Ты всё ещё моя (СИ) - Тодорова Елена. Страница 22

Она не узнает. Нет, она догонит. Блядь, пожалуйста, пусть она не поймет.

Резко вдыхаю и решительно срываю с нее полотенце. Кручу от себя. Стискивая зубы, на миг глаза прикрываю. Распахивая, толкаю Дикарку к столу.

– Наклонись и упрись ладонями.

Она ежится. Вижу в находящемся за столом зеркале, как зажмуривается, словно я затребовал нечто омерзительное. Замирает и вздрагивает всем телом.

Мне похуй… Мне похуй… Глубоко похуй…

Смотрю на покрывающуюся мурашками кожу, и у самого по спине какая-то нездоровая волна летит. Практически сразу же выступает испарина. Под толстовкой неудивительно. Дело именно в ней.

Богданова вздыхает и, не поднимая век, наклоняется. Вслепую нащупывает ладонями стол.

– Ниже. Поясницу выгибай, – инструктирую сухо.
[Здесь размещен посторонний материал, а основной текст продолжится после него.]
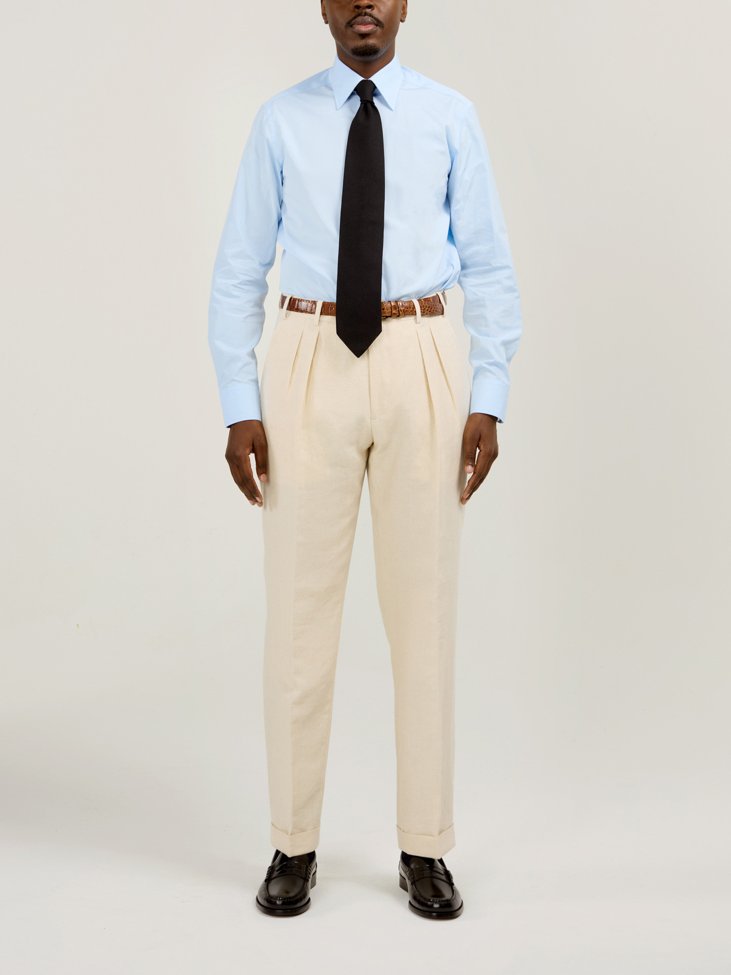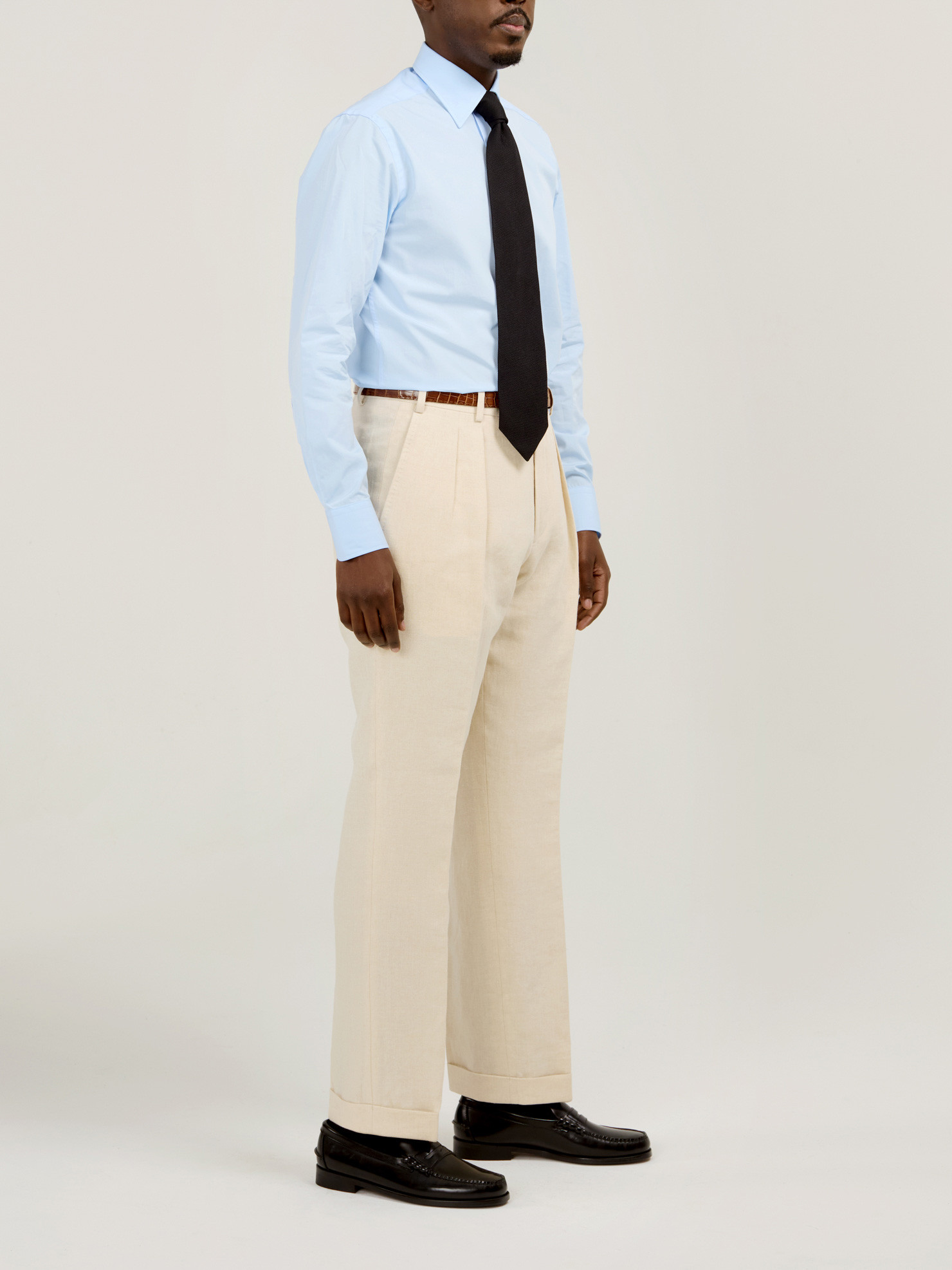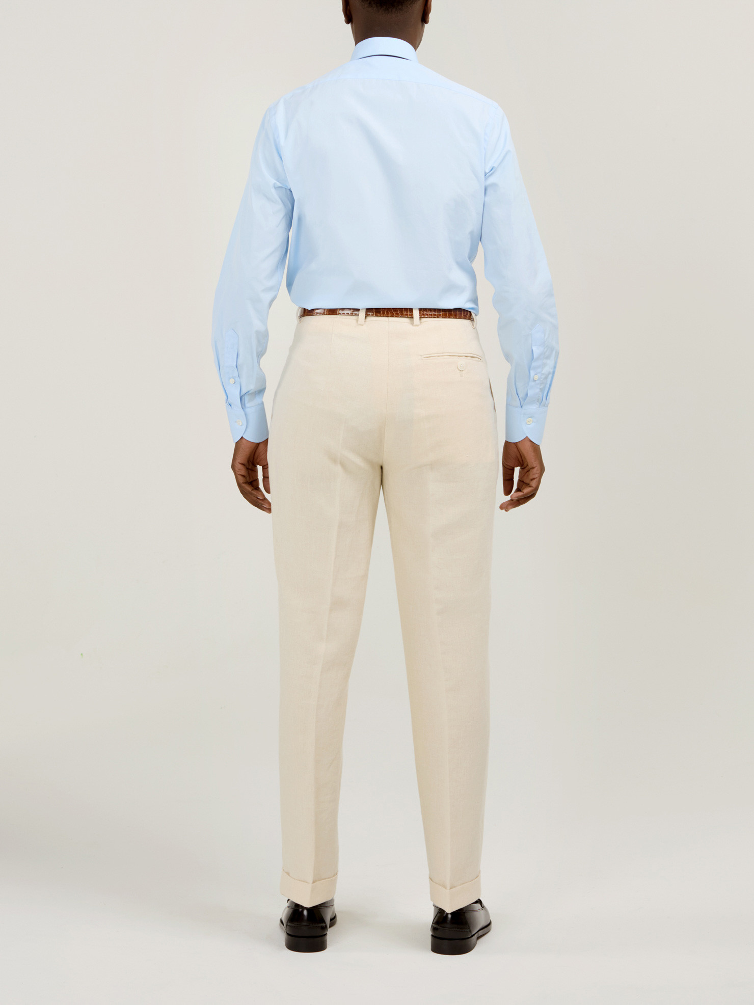 Beautiful blue poplin, opaque. For all-year-round wear, this is the classic white poplin shirt. Very good value for money.

Она в очередной раз вздрагивает и опускается настолько, что следующий ее натужный выдох оседает на стеклянной столешнице запотевшим пятном.

Хватаю ленту и отрываю крайний презерватив. Что-то поднимается внутри, я навешиваю себе, что это злость. И даже не пытаюсь задаться вопросом: на что, блядь? Нормальному человеку ведь не из-за чего в данной ситуации кипеть. А я киплю… Похрен, почему.

Агрессивно вскрываю зубами упаковку. Сдергиваю штаны. Раскатываю.

Веду взглядом по желанной плоти. Киску, попку – мутным взглядом зацениваю. На этом и стоило бы остановиться, приступать к процессу. Но я курсирую дальше. По узкой талии, хрупкой спине, выступающим лопаткам, напряженной шее, склоненной голове… Пока не утыкаюсь через гребаное зеркало в лицо.

Нутро разворачивает, словно драный парус. И вовсю этим ебучим иллюзорным ветром трепать принимается.

На износ. Сука, на износ.

Забываю, что должен делать. Маниакально рассматриваю, как трепещут ресницы Дикарки, как едва заметно дрожат распахнутые губы, как взволнованно она дышит, как с каждой секундой гуще алеют ее щеки.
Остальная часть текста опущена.